Your task is to return, word for word, only the lines from the line with "Women’s jacket in" through the close of the data. Exclude all pictures.

"""

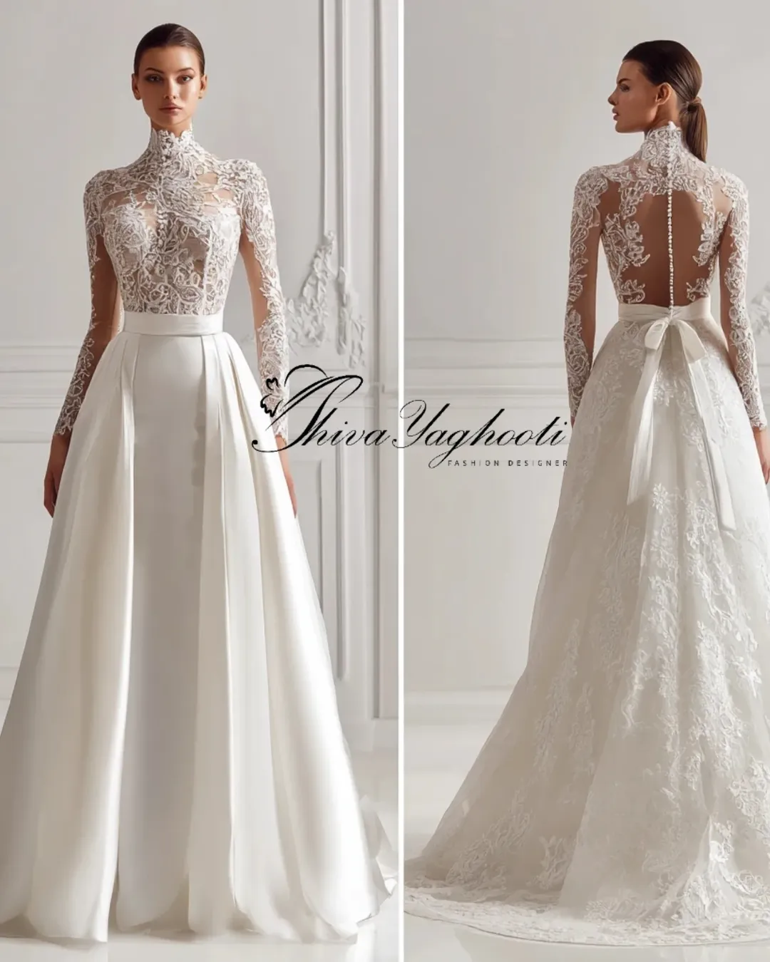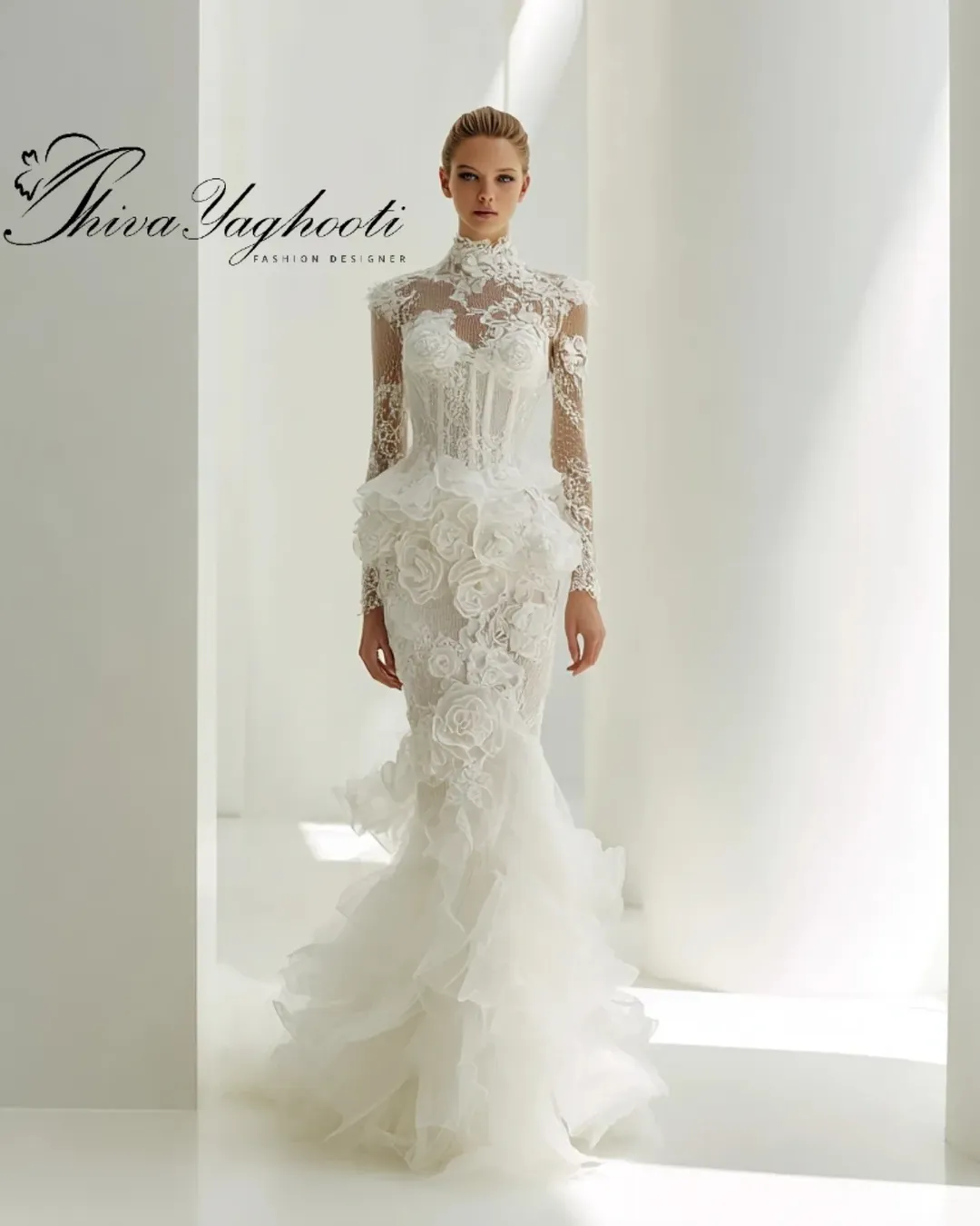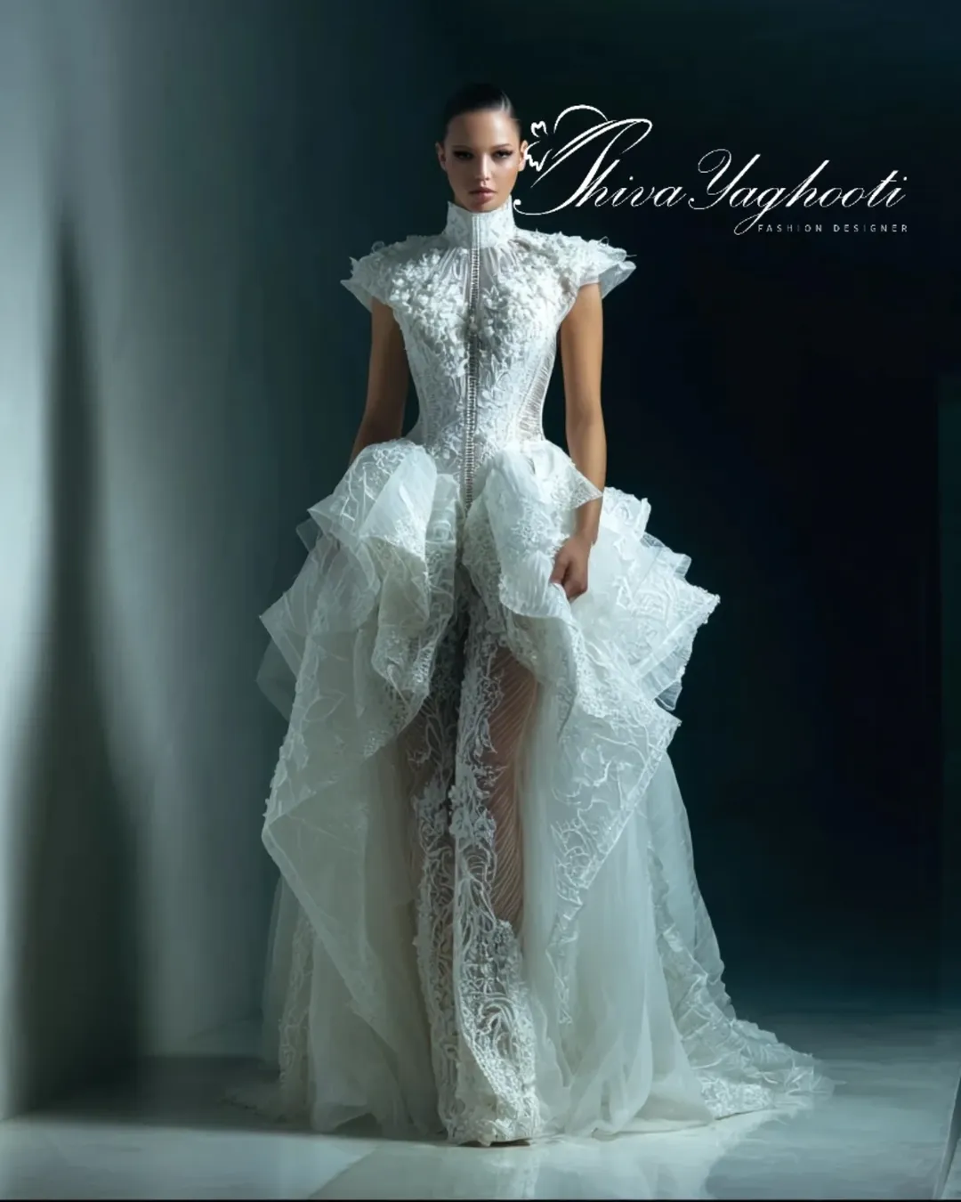 ترکیبی از گیپور سهبعدی دستدوز، یقههای معماریشده، کرست فیت و دامنهای پفدار چندلایه با حجم کوتور طراحی شده برای عروسهایی که میخواهند خاص، باشکوه و ماندگار باشند.
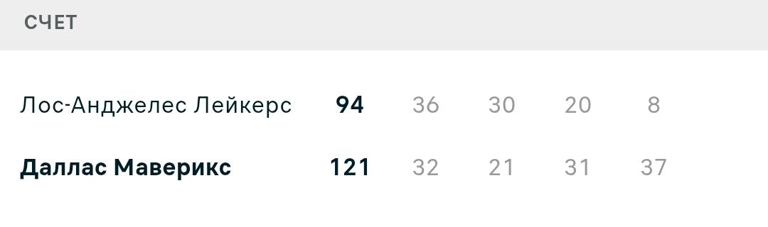 Лейкерс – Даллас 94:121 (36:32, 30:21, 20:31, 8:37)
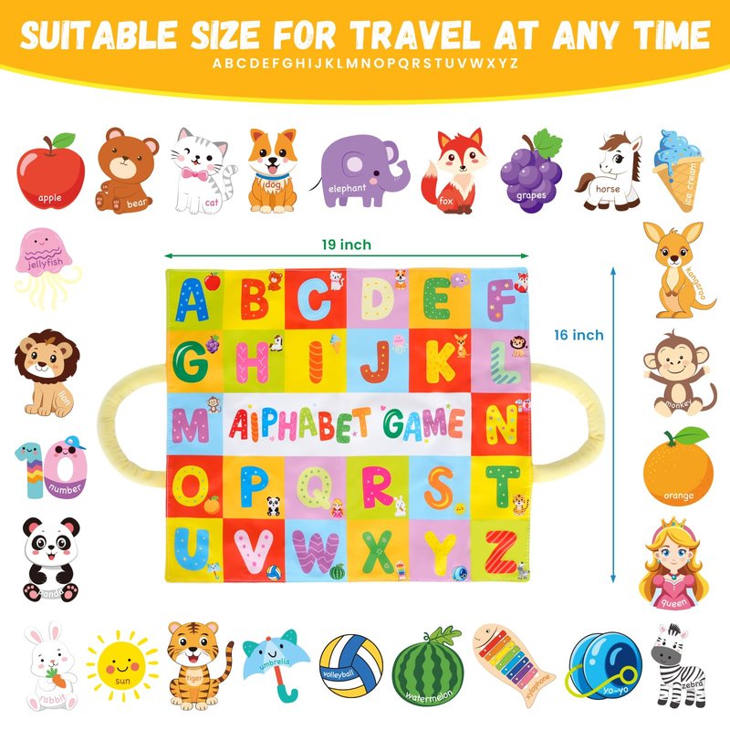 - Interactive sensory learning: Our first alphabet learning toy is perfect for young children to explore various textures and sounds in a safe and interactive way. The 26 letter-matching objects are brightly colored and housed in a dual-function organizer bag that doubles as a game mat
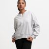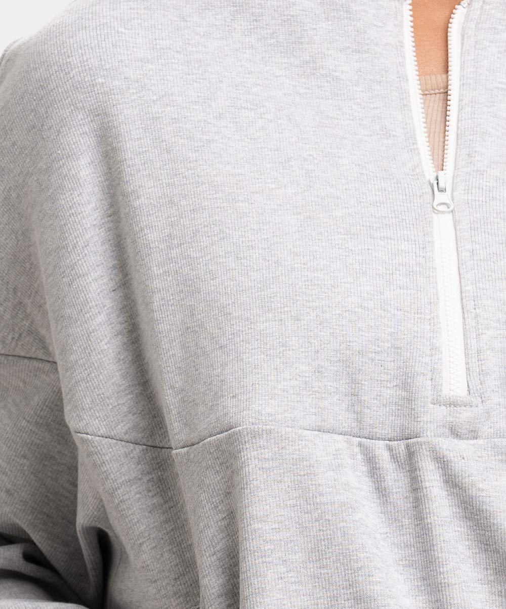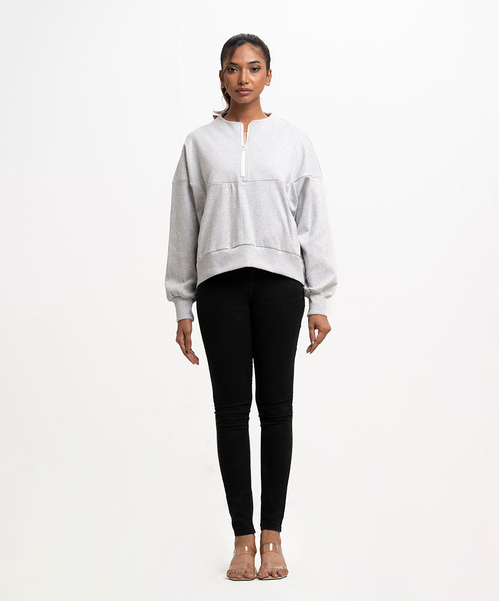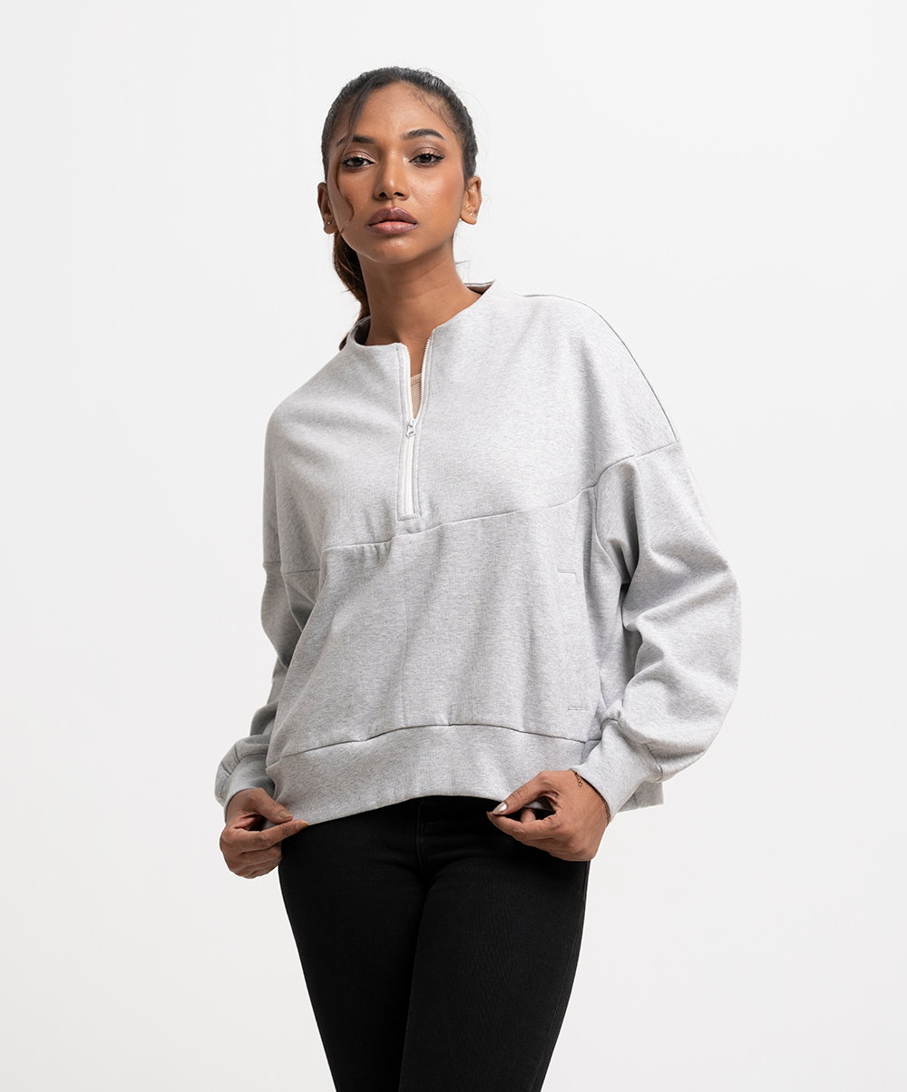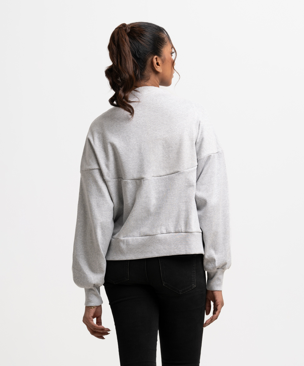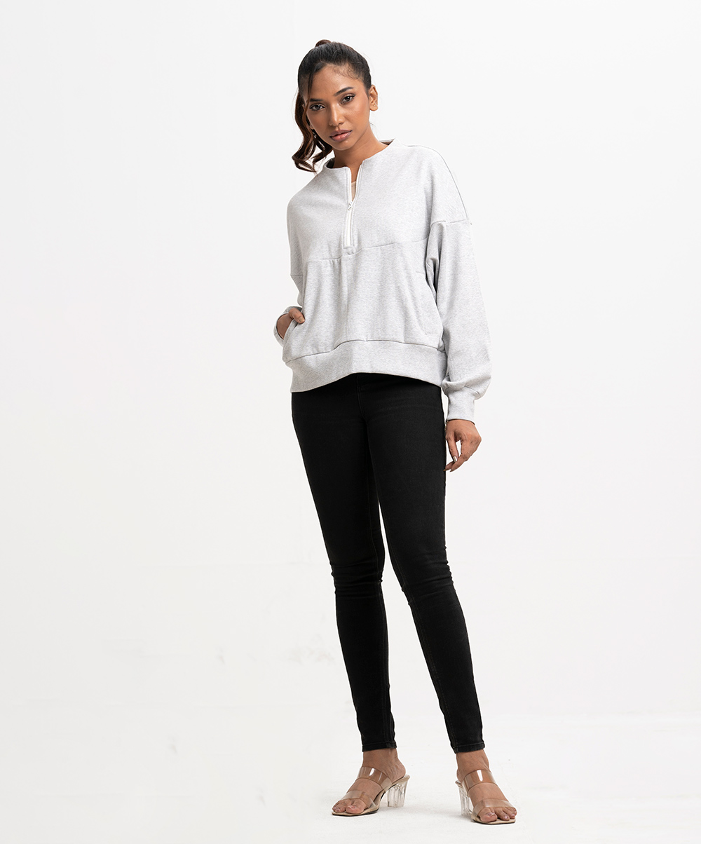 Women’s jacket in cotton knit fabric. Round neck with zipper opening, long sleeves, and two front pockets.
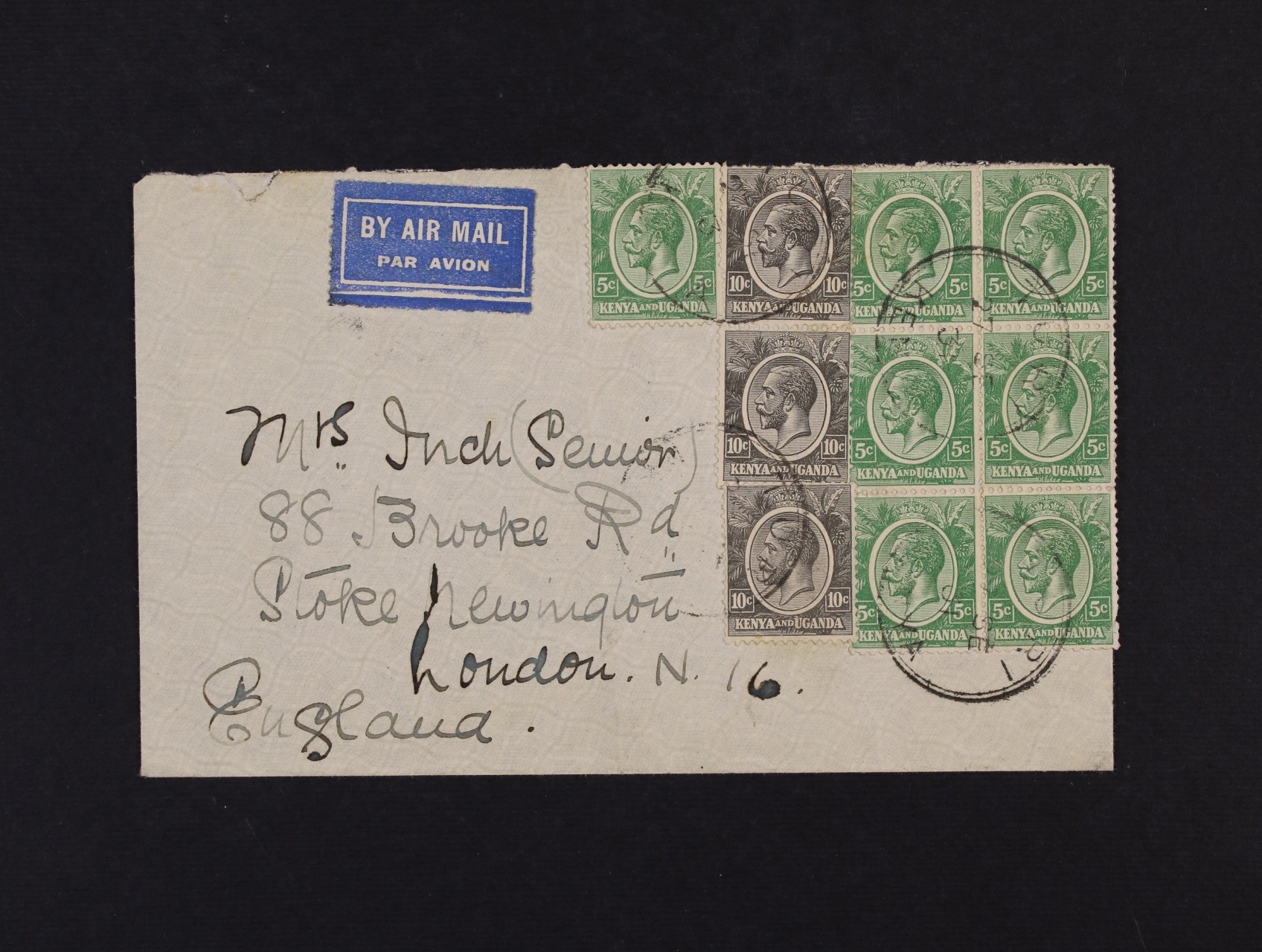 Kenya a Uganda - let. dopis do Londýna, zajímavá frankatura Jiří V., pod raz. TURI 27.SE.1931

"""

RESPONSE AREA:
 Women’s jacket in cotton knit fabric. Round neck with zipper opening, long sleeves, and two front pockets.
 Kenya a Uganda - let. dopis do Londýna, zajímavá frankatura Jiří V., pod raz. TURI 27.SE.1931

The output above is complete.